**Exercise details**
An acceptable answer repeats exactly the line containing "SOFFISOF CLASSIC PANNOLONE" and all lines that follow it in the listing below, and it includes no pictures.

**Given data**
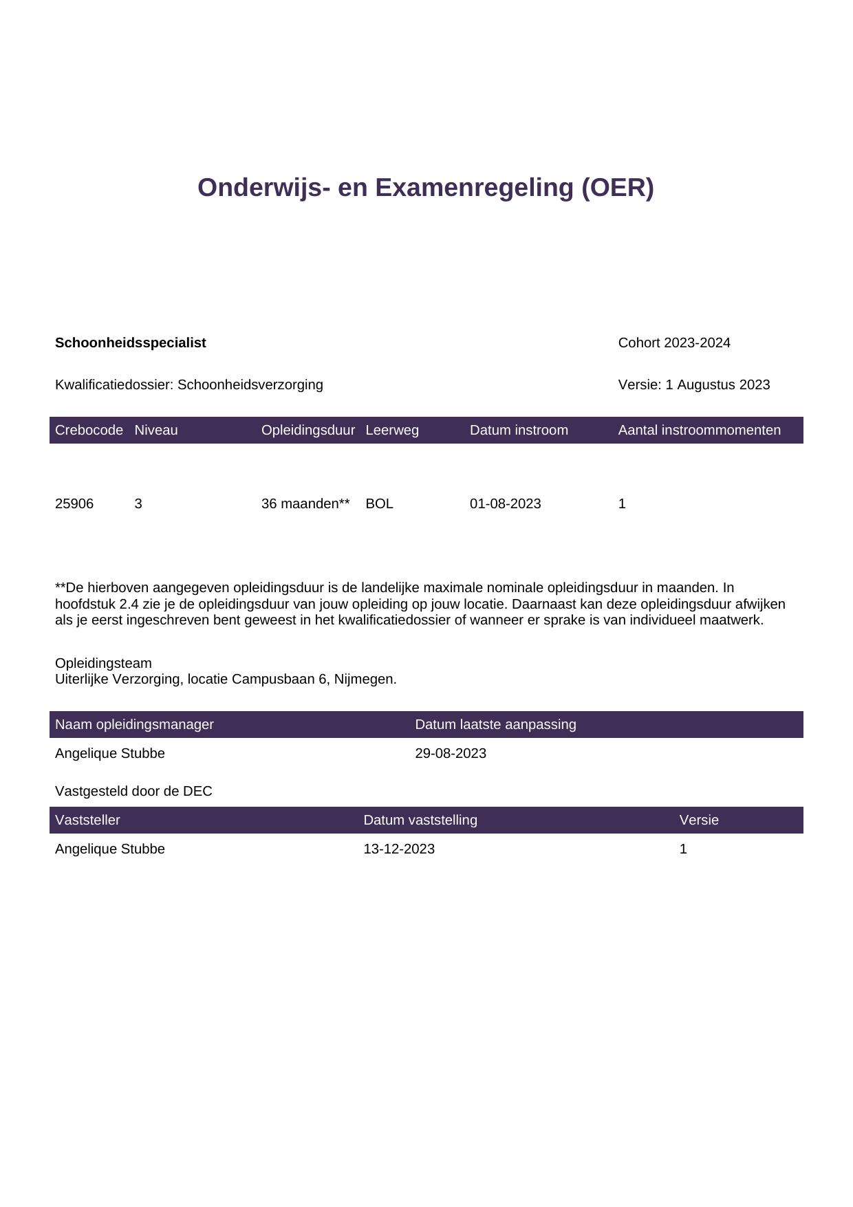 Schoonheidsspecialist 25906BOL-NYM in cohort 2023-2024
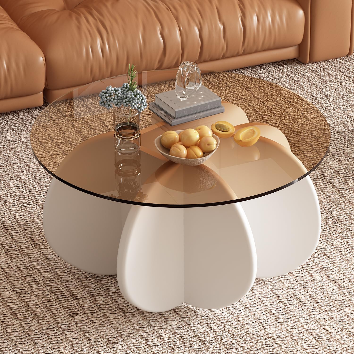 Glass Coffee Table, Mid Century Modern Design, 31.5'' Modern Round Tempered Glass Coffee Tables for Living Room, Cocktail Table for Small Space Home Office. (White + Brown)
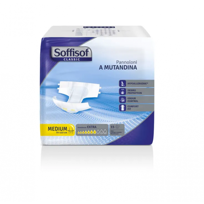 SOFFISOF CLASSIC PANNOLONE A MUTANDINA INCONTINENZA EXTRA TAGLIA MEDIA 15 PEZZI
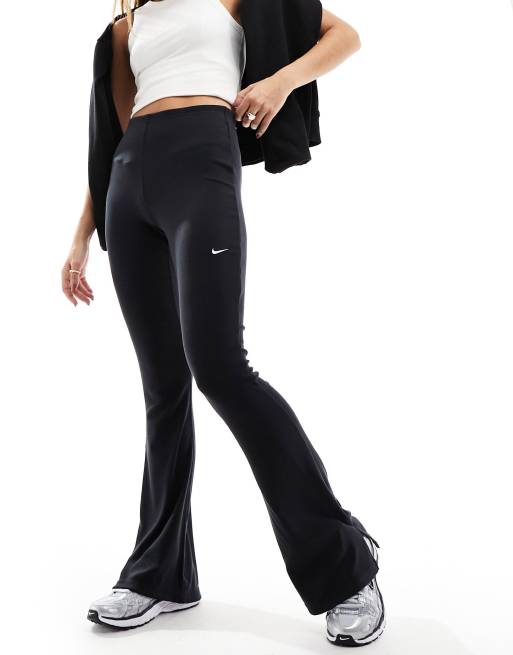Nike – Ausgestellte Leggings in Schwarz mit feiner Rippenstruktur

**Response to this task**
 SOFFISOF CLASSIC PANNOLONE A MUTANDINA INCONTINENZA EXTRA TAGLIA MEDIA 15 PEZZI
Nike – Ausgestellte Leggings in Schwarz mit feiner Rippenstruktur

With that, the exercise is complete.